Here are some loans to steer clear of — at all costs!

  • Advance fee loan: To get this kind of loan you must pay sometimes as much as several hundred dollars to the lender. Some advance fee lenders take your money and run, but others give you a very high interest loan. Traditional lenders do not make advance fee loans.

  • Finance company loan: Some finance company are less than honest about all the fees associated with the loan or may mislead you into thinking that you’re getting an unsecured loan when in fact the loan is secured by household goods, such as your furniture, entertainment center, and so on. (This detail is usually buried in the fine print of the loan agreement.) If you default on the loan, you risk losing the asset(s).Some finance companies encourage consumers to get a bigger loan than they can afford so they’ll end up in default.

  • Payday loan: To get this loan, you write a personal check to the lender for the amount of money you want to borrow plus a percentage of the loan amount or a set amount for every $50 or $100 you borrow. The lender pays you the amount of the check less its fee but does not cash your check.

    On your next payday when you repay the loan, you get your check back. If you can’t repay the loan in full, the lender rolls over the loan until the following payday in exchange for another fee, which is higher than the first fee. If you keep rolling over the loan, the cost of the loan skyrockets and you have a harder and harder time paying it off.

    Some states have payday loan laws. Contact a consumer law attorney or your state attorney general’s office to find out if your state has such a law and what your rights are.

  • Pawnshop loan: This is a short-term loan (no more than three months in most states) with a very high interest rate. Here's how this kind of loan works: You give the pawnshop an item that you own, like a TV, DVD player, piece of jewelry, or computer. The pawnshop lends you a percentage of the item’s value. At the end of the loan period, if you cannot afford to pay the loan plus interest, the pawnshop keeps your item and sells it.

  • Tax refund loan: Also known as a tax anticipation loan or an instant refund loan, this kind of loan involves borrowing against your future IRS tax refund. Some tax preparers, as well as finance companies, car lenders, retailers, and check cashing companies, make this kind of loan. Usually the loan will be for no more than $5,000, and it will last for no more than ten days.

    In addition to having to pay very high interest on the loan, you must also pay the lender an upfront fee, and file your tax return electronically to the tune of about $40. So, when you consider the loan's interest plus the fees involved, the effective rate of interest you pay to borrow against your own money may be in the triple digits. When the IRS issues your tax refund, it deposits the money directly into an account set up by the lender’s, who takes its money and gives you what’s left.

  • Car title loan: If you own your car free and clear, some lenders will make you a short-term loan for a small fraction of what your car is worth.
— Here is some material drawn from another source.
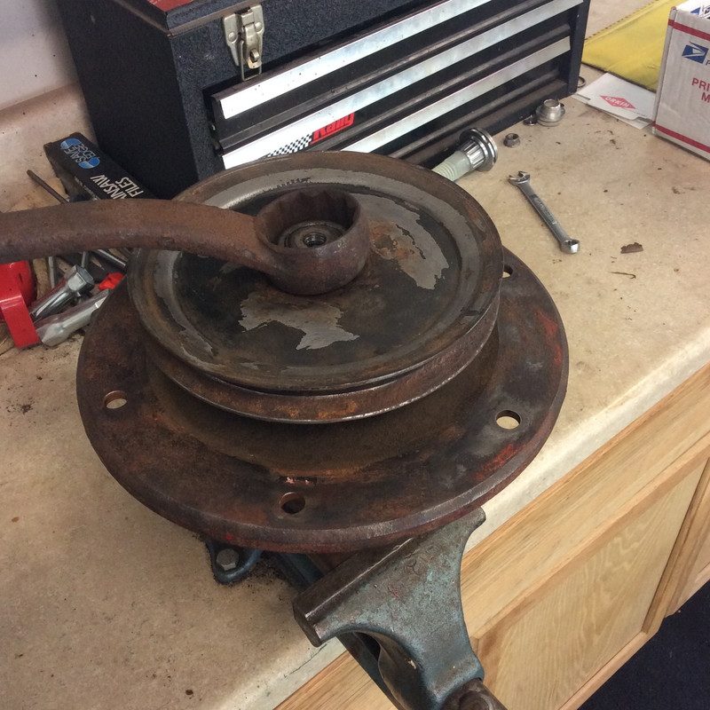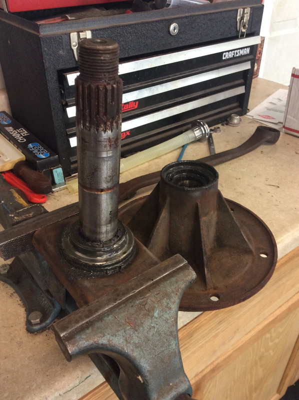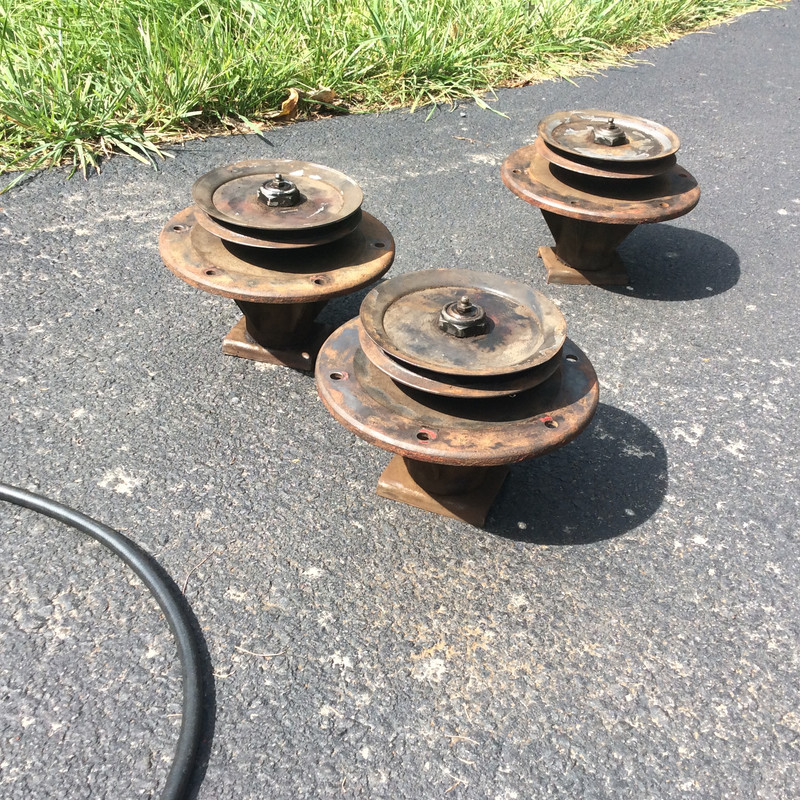 The spindles were wire wheeled off and cleaned up to get ready for disassembly. Only going to replace bearings in two of them though. The other one is nice and tight still.

Usually the loan will be for no more than 30 days and will have a very high rate of interest. To get the loan, you must give the lender the title to your vehicle and a set of car keys. The major danger with this kind of loan is that if you miss even one loan payment, you risk the loss of your car. Depending on the loan agreement, all it may take is a single missed payment.

  • Friend or relative cosigner on a loan: If you cannot qualify for a loan from a traditional lender because of the state of your finances, think twice before you ask a friend or a family member help you get the loan by cosigning for it. If someone you know is the cosigner and then you fall behind on your loan payments, the lender will look to your friend or family member for the money you owe. Paying your loan may not only put your cosigner in a financial bind (and mess up that person's credit, too), but also ruin your relationship forever.

  • For-profit credit counseling agency loan advice: Always work with a nonprofit credit counseling agency, not a for-profit operation. A for-profit credit counseling agency is in business to make as much money as possible off your financial woes. Therefore, you cannot trust that the agency's recommendations are in your best interest. Some for-profit agencies may tell you to do things that make them money at your expense and that could get you into legal hot water.